Painting for Apes

Cleve Hicks, who led our 2012-2103 survey to Bili, has submitted these two watercolor paintings he made of chimpanzees from Northern DR Congo to the Endangered: Art for Apes contest. Check their on-line gallery.

Chimp by Cleve Hicks
African Ape in the Sunset

‘I painted this portrait of an unknown chimpanzee in Northern DR Congo to reflect the uncertain future faced by Africa’s great apes. I spent the last 10 years working on a research and conservation project near the town of Bili, studying a large population of previously undocumented chimpanzees. I imagine this to be a young male Bili chimpanzee, who has ventured out onto the savanna’s edge as dusk approaches, only to be startled by something he has seen or heard on the horizon. The glow of a human-lit bushfire? The retort of a military gun fired at an elephant? Loud celebrations at a gold mining camp? A lion’s roar? I don’t know, but this chimpanzee senses that something is amiss. Given today’s situation, as the bushmeat trade expands in tandem with massive human incursion into formerly pristine chimpanzee habitat, he is wise to be wary.’

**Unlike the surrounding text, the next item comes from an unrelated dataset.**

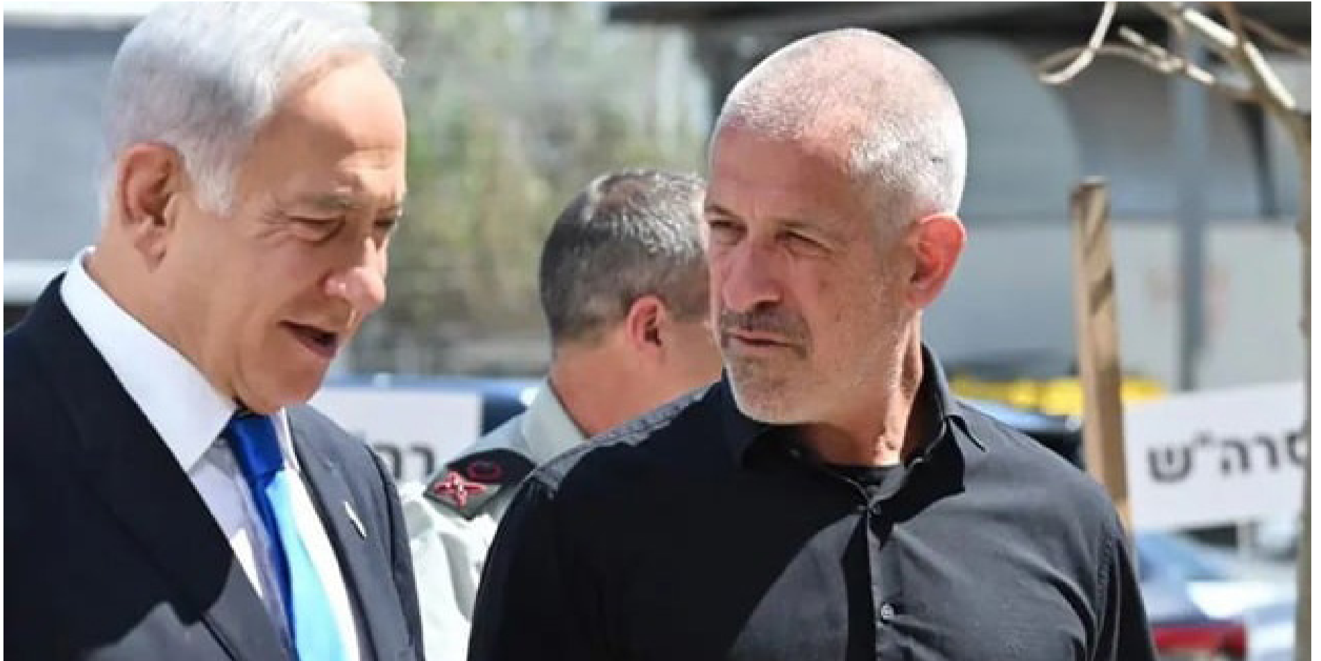
ראש הממשלה וראש השב"כ בימים יפים יותר

שיריונים בליכוד (ה'אם) במקרה הזה הוא לשם הדיוק המשפטי גרידא. קשה לזכור רשימת ליכוד בשנים האחרונות שנתניהו לא קיבל בה כמה שיריונים), הראשון מביניהם יעבור לידי של סער. תיאורטית, סער יכול גם לשריין את עצמו, צעד שהוא ככל הנראה לא יזדקק לו וגם לא מעוניין בו. בפועל, הוא עשוי לשריין את מי שהלך אתו להקמת המפלגה העצמאית, השר זאב אלקין, והוא יכול גם לבחור לשריין מישהו אחר, יהיה זה אחד מחברי הרשימה הנוכחית של הימין הממלכתי או כל מי שימצא לנכון. כך או כך, האירוע בדרך להסתיים. מפלגת הליכוד תגדל לשלושים ושישה מנדטים וקואליציית השישים ושמונה תקבל ייצוב משמעותי, בתקווה שגם 'עוצמה יהודית' תסיים את התנהלות הברוגו התמוהה ותשוב לשורות הממשלה כבר בשבועות ואולי בימים הקרובים.

Kathe _ chimp by Cleve Hicks
Kathé

‘I painted this watercolor of the chimpanzee orphan Kathé, who we rescued in the town of Likati, Northern DRC, in 2007. Kathé’s front teeth had been pried out with a hot knife, but this had done nothing to squash her endlessly playful, rambunctious character. The painting was sold to a dear friend to raise money for the chimpanzee sanctuary in which Kathé finally found a home, the Lwiro Primate Rehabilitation Center.

The Endangered: Art for Apes group works to raise awareness of wildlife conservation issues around the world through the visual arts, and all proceeds from the exhibition go towards the Center for Great Apes.